## AIM OF THE EXERCISE
Any picture in the data below should be skipped, while every line is repeated exactly.

Data entries
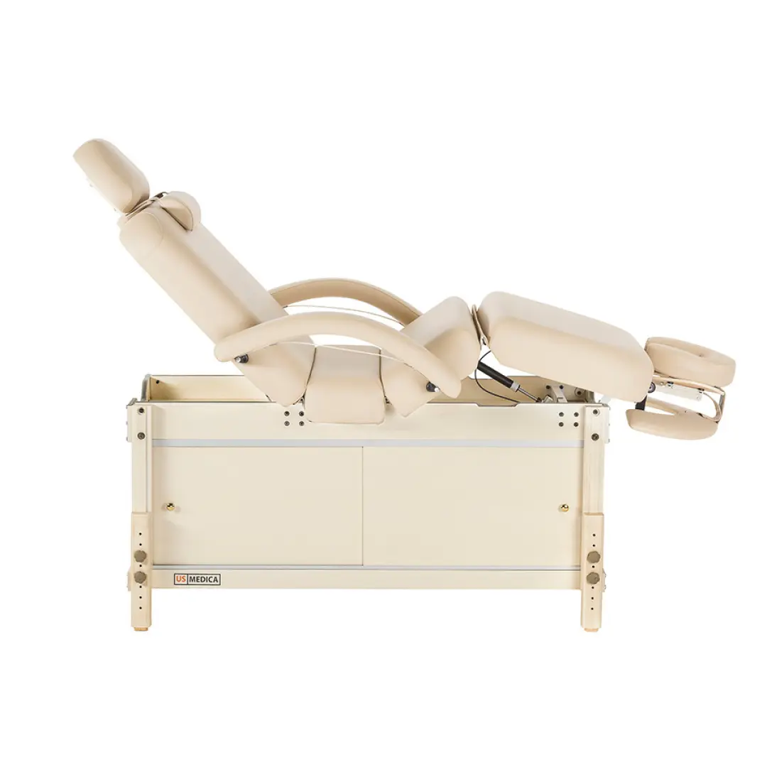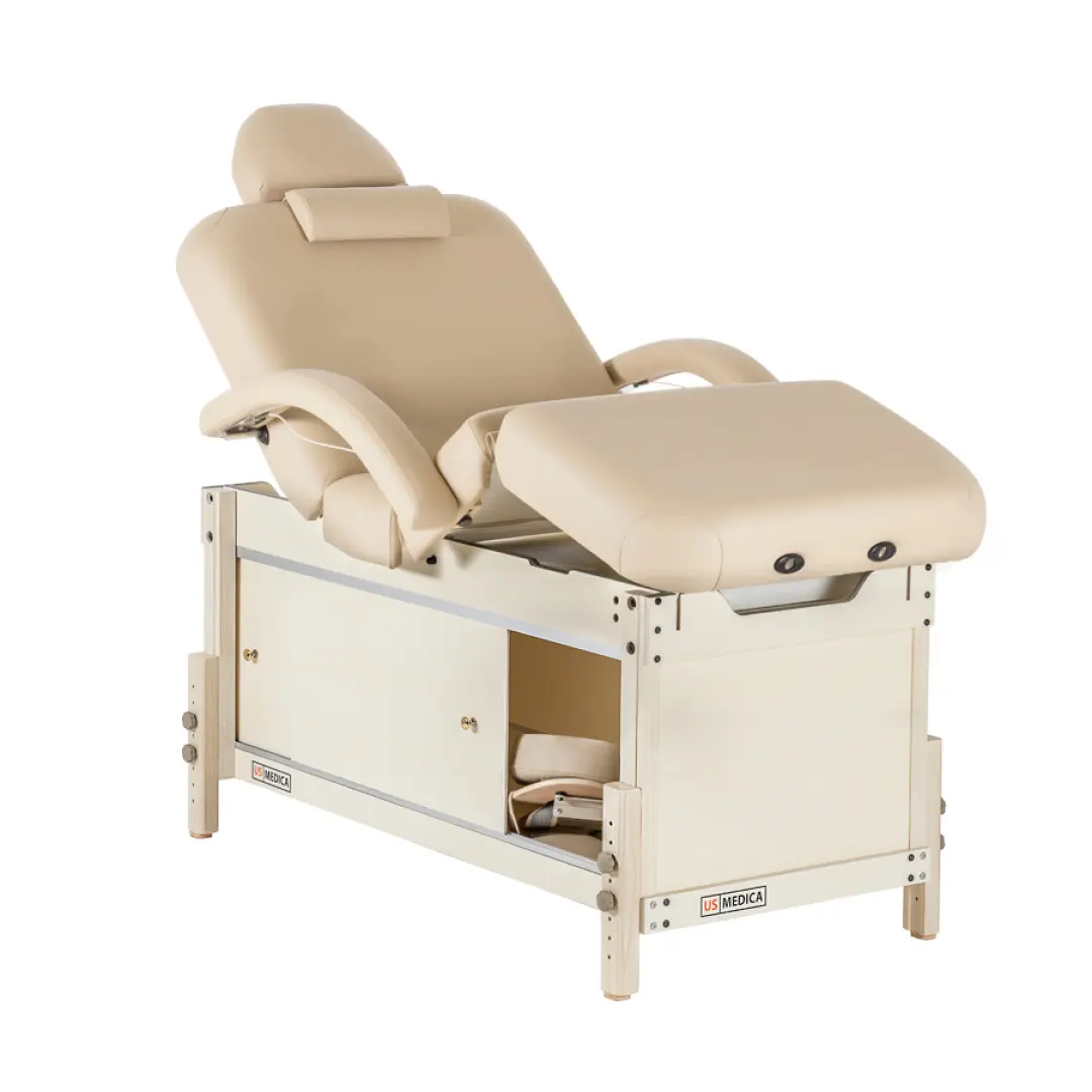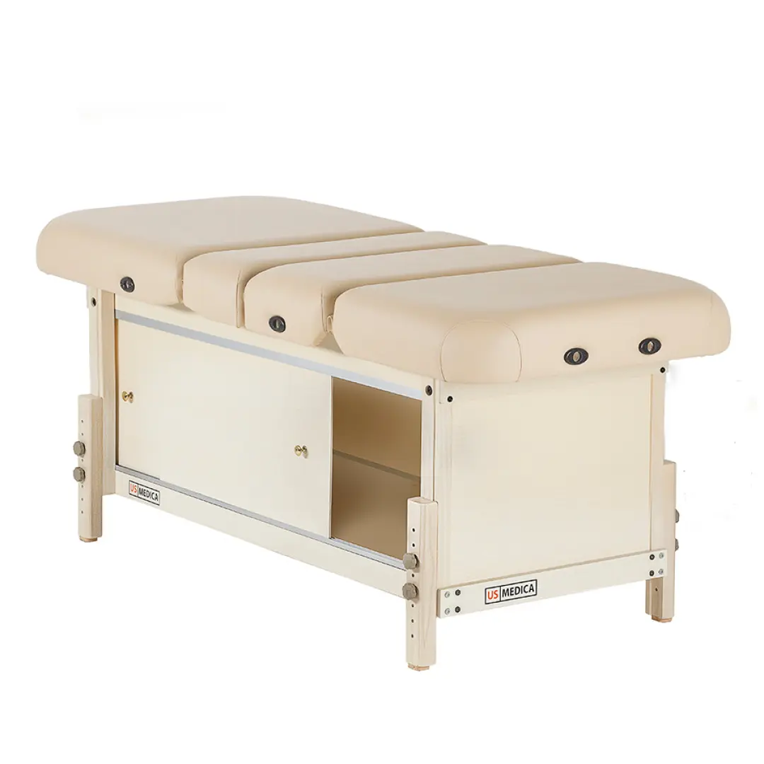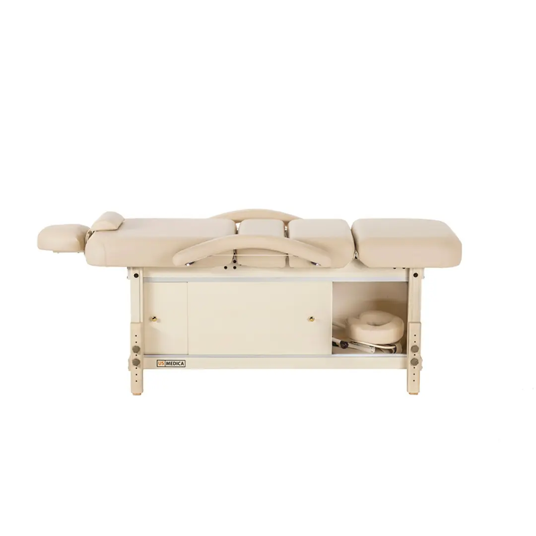 В любом кабинете массажиста, будь то в массажном салоне или частном кабинете профессиональный стационарный массажный стол должен гармонировать с обстановкой и вызывать чувство комфорта. Функциональные возможности массажного стола US Medica Bali отвечает всем этим требованиям и придётся по вкусу даже самому требовательному клиенту. Особенностью стола US Medica «Bali» являются удобные решения его дизайна. К примеру, специальная тумба для хранения аксессуаров станет придётся кстати для специалиста широкого профиля, которому всегда нужно иметь под рукой множество атрибутов для массажа. Благодаря уникальным разработкам специалистов US Medica, массажный стол оснащен подушкой для подголовника ComfortEye, и удобной складной полкой U-Shape, что делает массажа еще более комфортным как для пользователя, так и для массажиста.
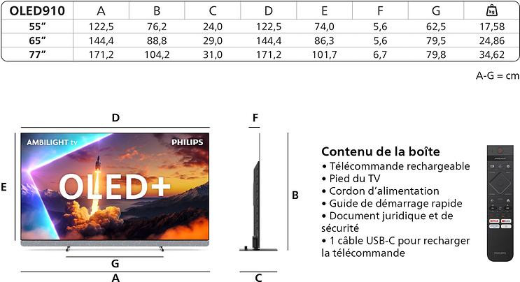 Le Philips 77OLED910 est un téléviseur OLED 4K de 77 pouces positionné dans le haut du catalogue 2025 du constructeur. Il associe une dalle OLED META (Primary RGB Tandem) très lumineuse, le processeur P5 AI Perfect Picture Engine, un Ambilight sur 4 côtés et une section audio Bowers & Wilkins en 3.1. L’objectif : combiner un rendu d’image fidèle et dynamique, une immersion périphérique propre à Philips, des prestations gaming modernes (4K120/144 Hz, VRR) et une expérience connectée Google TV aboutie. Cette analyse se veut impartiale : elle expose forces et points d’attention pour un lecteur averti.
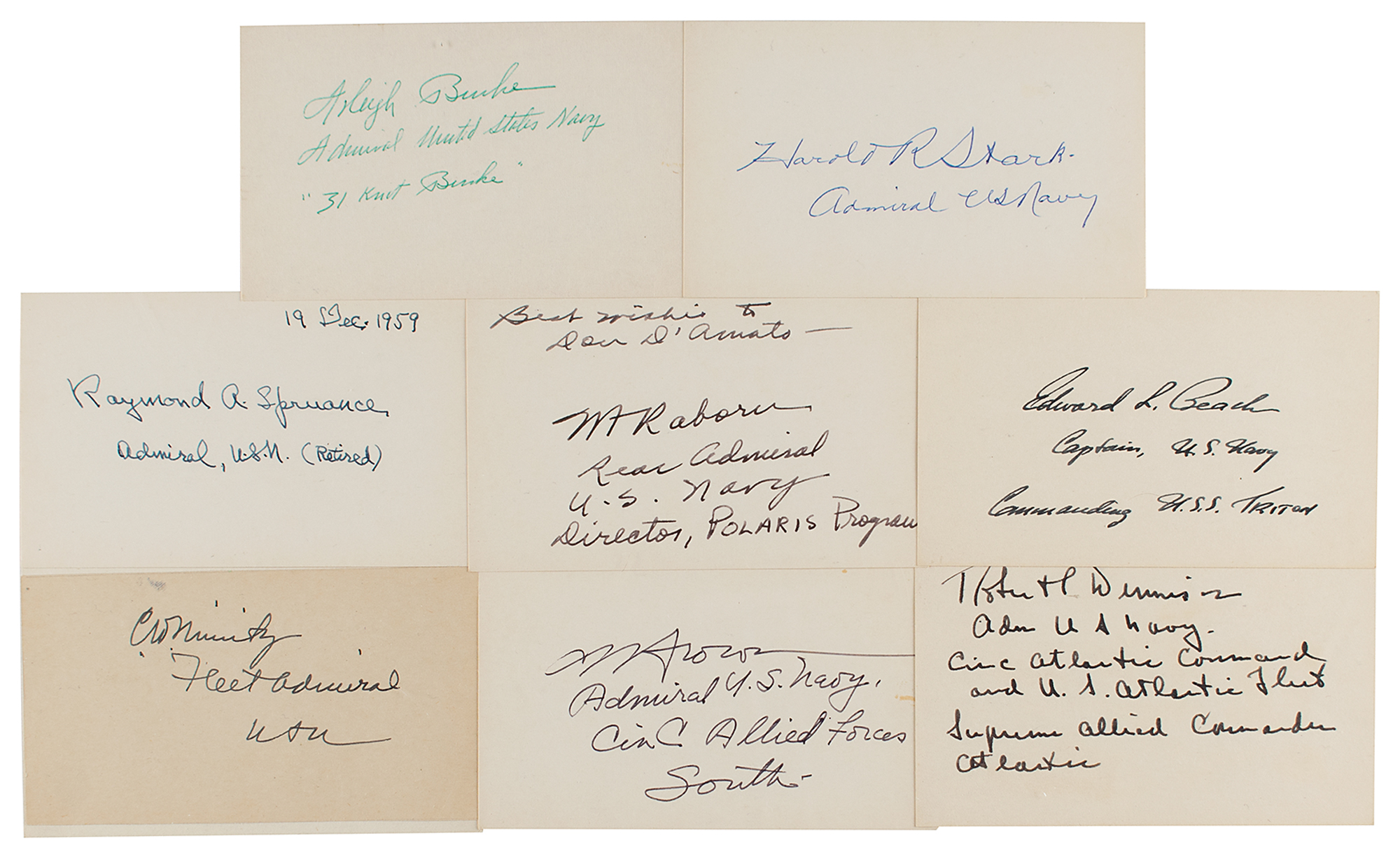 Group lot of eight signatures of noted U.S. Navy admirals and captains that served during World War II, individually penned in ink on off-white 5 x 3 cards (or on a slip affixed to a card), each adding rank and service branch, including: Chester Nimitz, Harold Rainsford Stark, Arleigh Burke, Raymond A. Spruance, Charles R. Brown, William Raborn, Robert Dennison, and Edward L. Beach, Jr. In overall fine condition.
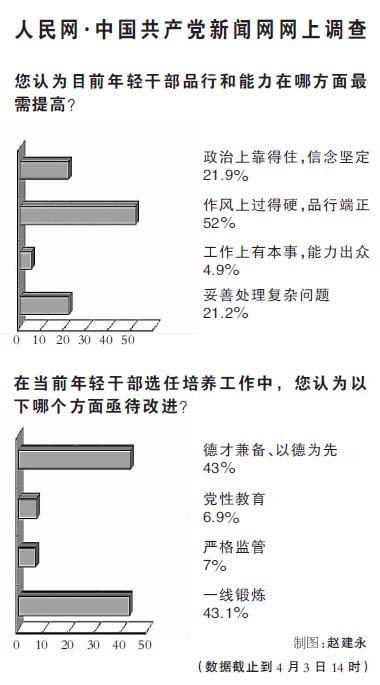 截至4月3日,人民網(wǎng)·中國(guó)共產(chǎn)黨新聞網(wǎng)推出的一項(xiàng)針對(duì)年輕干部的網(wǎng)上調(diào)查顯示:93.6%(1853票)的網(wǎng)友認(rèn)為“目前大多數(shù)年輕干部工作經(jīng)歷偏單一”; 43.1%(1095票)的網(wǎng)友認(rèn)為應(yīng)“樹立注重基層導(dǎo)向,堅(jiān)持多崗位、在基層一線的實(shí)踐中培訓(xùn)鍛煉年輕干部”。
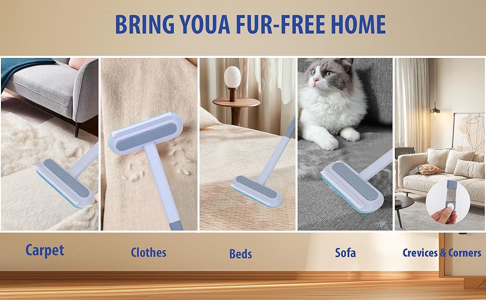 - 【Efficient Pet Hair Removal Tool】Bidirectional hair removal brush swiftly and effectively removes pet hair, dog fur, and cat fur from your sofa and furniture. Large fur cleaning area effortlessly removes shed dog fur, cat fur, and various pet hair
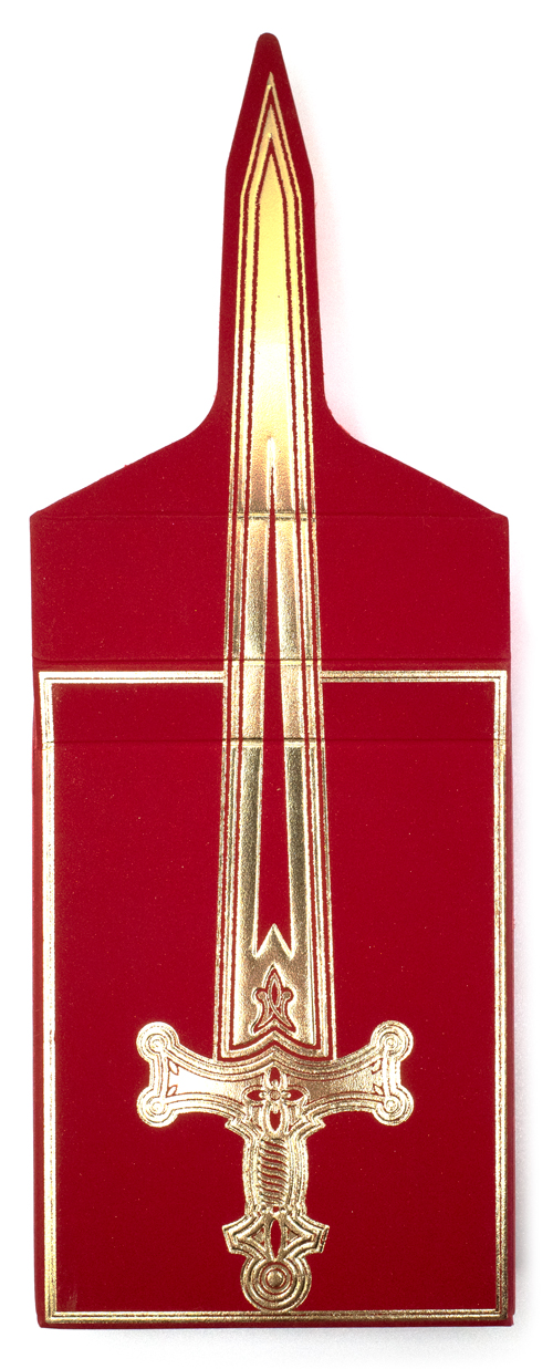 Above: The box features Excalibur, the legendary sword of King Arthur, which folds into the tuck flap.

## ANSWER BOX
 В любом кабинете массажиста, будь то в массажном салоне или частном кабинете профессиональный стационарный массажный стол должен гармонировать с обстановкой и вызывать чувство комфорта. Функциональные возможности массажного стола US Medica Bali отвечает всем этим требованиям и придётся по вкусу даже самому требовательному клиенту. Особенностью стола US Medica «Bali» являются удобные решения его дизайна. К примеру, специальная тумба для хранения аксессуаров станет придётся кстати для специалиста широкого профиля, которому всегда нужно иметь под рукой множество атрибутов для массажа. Благодаря уникальным разработкам специалистов US Medica, массажный стол оснащен подушкой для подголовника ComfortEye, и удобной складной полкой U-Shape, что делает массажа еще более комфортным как для пользователя, так и для массажиста.
 Le Philips 77OLED910 est un téléviseur OLED 4K de 77 pouces positionné dans le haut du catalogue 2025 du constructeur. Il associe une dalle OLED META (Primary RGB Tandem) très lumineuse, le processeur P5 AI Perfect Picture Engine, un Ambilight sur 4 côtés et une section audio Bowers & Wilkins en 3.1. L’objectif : combiner un rendu d’image fidèle et dynamique, une immersion périphérique propre à Philips, des prestations gaming modernes (4K120/144 Hz, VRR) et une expérience connectée Google TV aboutie. Cette analyse se veut impartiale : elle expose forces et points d’attention pour un lecteur averti.
 Group lot of eight signatures of noted U.S. Navy admirals and captains that served during World War II, individually penned in ink on off-white 5 x 3 cards (or on a slip affixed to a card), each adding rank and service branch, including: Chester Nimitz, Harold Rainsford Stark, Arleigh Burke, Raymond A. Spruance, Charles R. Brown, William Raborn, Robert Dennison, and Edward L. Beach, Jr. In overall fine condition.
 截至4月3日,人民網(wǎng)·中國(guó)共產(chǎn)黨新聞網(wǎng)推出的一項(xiàng)針對(duì)年輕干部的網(wǎng)上調(diào)查顯示:93.6%(1853票)的網(wǎng)友認(rèn)為“目前大多數(shù)年輕干部工作經(jīng)歷偏單一”; 43.1%(1095票)的網(wǎng)友認(rèn)為應(yīng)“樹立注重基層導(dǎo)向,堅(jiān)持多崗位、在基層一線的實(shí)踐中培訓(xùn)鍛煉年輕干部”。
 - 【Efficient Pet Hair Removal Tool】Bidirectional hair removal brush swiftly and effectively removes pet hair, dog fur, and cat fur from your sofa and furniture. Large fur cleaning area effortlessly removes shed dog fur, cat fur, and various pet hair
 Above: The box features Excalibur, the legendary sword of King Arthur, which folds into the tuck flap.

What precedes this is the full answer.